# INSTRUCTIONS TO FOLLOW:
Pictures stay out of this copy; please retype only the lines from the start of the records through the line with "Sterling Silver St.".

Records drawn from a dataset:
+-------+

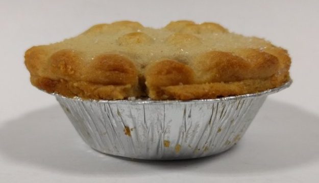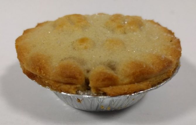 Another nice looking pie today, the holly leaf design and sugar coating are very festive. The pie came cleanly out of it's case but didn't feel very heavy for it's average size. First impressions were good, pastry was soft and not too crumbly. Some texture and fruit in the filling, nice. However, my pie was only half full. I've been robbed! If only there had been more filling....
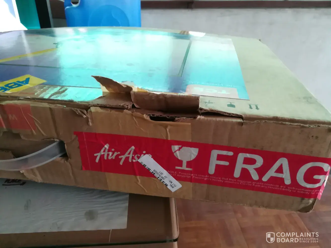 Another bag (blue in colour), there was also damage at the handle part as well as some part of the bags also having damages in the form of broken. we just don't understand how all these can happen. both the bags cannot be used anymore. is a total loss and I want air asia to bear all the cost of the damages!
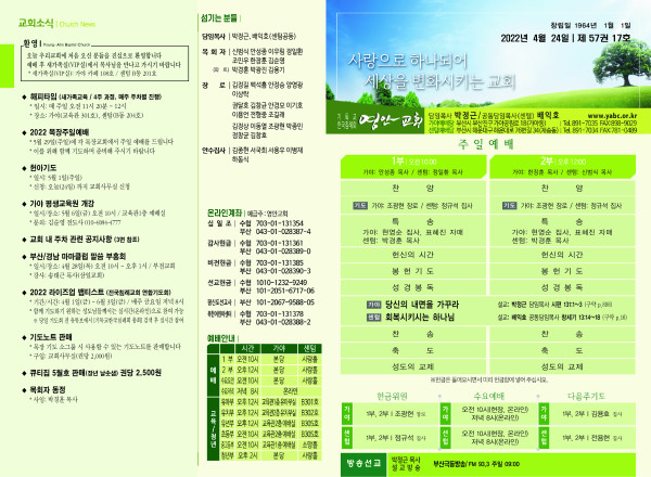2022년 4월 24일 주보 (센텀예배당) 페이지 정보 작성자 관리지기 작성일22-04-23 11:44 조회5,124회 댓글0건 관련링크 목록 본문 2022년 4월 24일 주보 (센텀예배당) 댓글목록 등록된 댓글이 없습니다. 목록
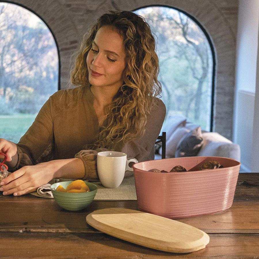Хлебница из переработанного пластика с бамбуковой крышкой Tierra спасет выпечку от высыхания и украсит пространство кухни. Ее также можно использовать в качестве оригинального органайзера. Изделие выполнено из переработанных пластиковых бутылок из-под воды. Материалы: переработанный пластик, бамбук. Размеры: 31,5х16,4х12,9 см. Объем: 3 л. Цвет: терракотовый. Пластиковый корпус можно мыть в посудомоечной машине. Крышку рекомендуется протирать влажной губкой.
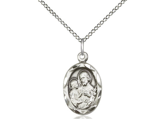 Sterling Silver St. Joseph Pendant Necklace 3/4 x 3/8 - 18 Inch Chain
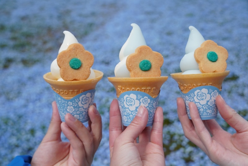 ネモフィラとあわせておすすめしたいのが、春限定のネモフィラグルメです。大好評の「ネモフィラブルーソフト」や「児玉冷菓のババヘラアイス『ネモフィラ』」など、人気のスイーツが勢ぞろいします。
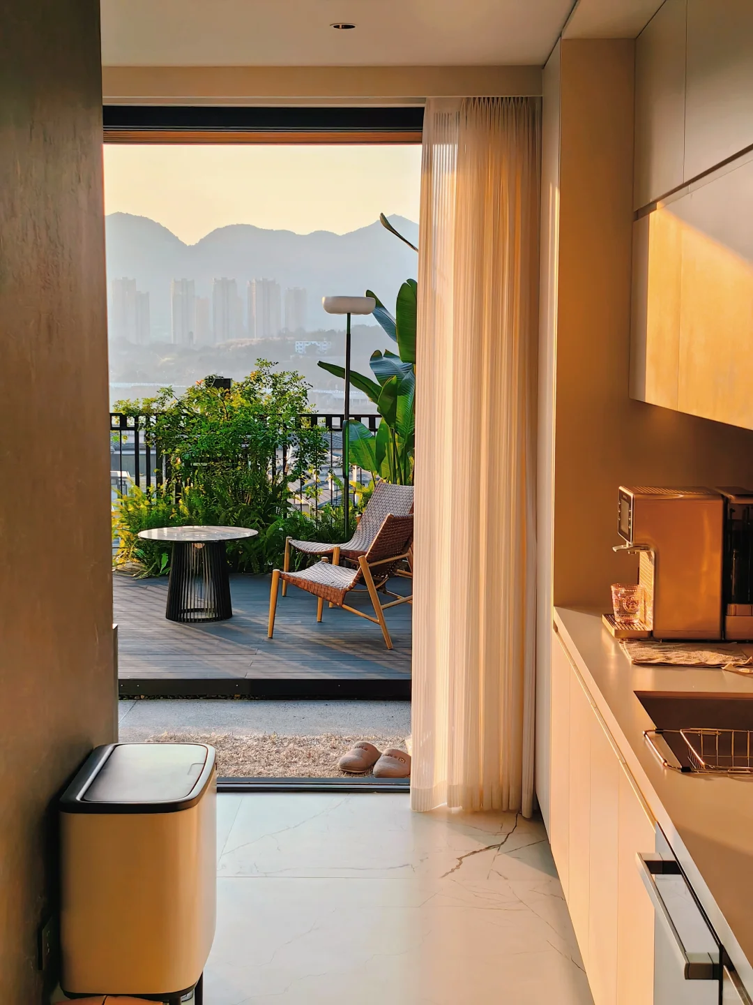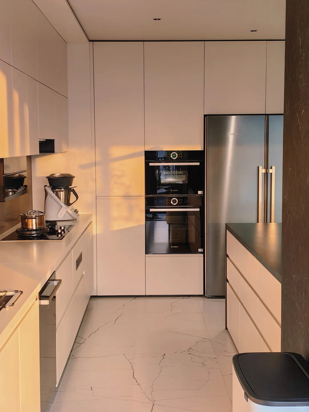 西厨岛台光线充足,但有根承重柱,我用深色岩板(P[三R])包裹,和地面形成反差,奢石纹理提升了西厨空间的艺术性,也极大降低承重柱带来的不适感~

+-------+

# ANSWER FOR THE TASK:
 Another nice looking pie today, the holly leaf design and sugar coating are very festive. The pie came cleanly out of it's case but didn't feel very heavy for it's average size. First impressions were good, pastry was soft and not too crumbly. Some texture and fruit in the filling, nice. However, my pie was only half full. I've been robbed! If only there had been more filling....
 Another bag (blue in colour), there was also damage at the handle part as well as some part of the bags also having damages in the form of broken. we just don't understand how all these can happen. both the bags cannot be used anymore. is a total loss and I want air asia to bear all the cost of the damages!
2022년 4월 24일 주보 (센텀예배당) 페이지 정보 작성자 관리지기 작성일22-04-23 11:44 조회5,124회 댓글0건 관련링크 목록 본문 2022년 4월 24일 주보 (센텀예배당) 댓글목록 등록된 댓글이 없습니다. 목록
Хлебница из переработанного пластика с бамбуковой крышкой Tierra спасет выпечку от высыхания и украсит пространство кухни. Ее также можно использовать в качестве оригинального органайзера. Изделие выполнено из переработанных пластиковых бутылок из-под воды. Материалы: переработанный пластик, бамбук. Размеры: 31,5х16,4х12,9 см. Объем: 3 л. Цвет: терракотовый. Пластиковый корпус можно мыть в посудомоечной машине. Крышку рекомендуется протирать влажной губкой.
 Sterling Silver St. Joseph Pendant Necklace 3/4 x 3/8 - 18 Inch Chain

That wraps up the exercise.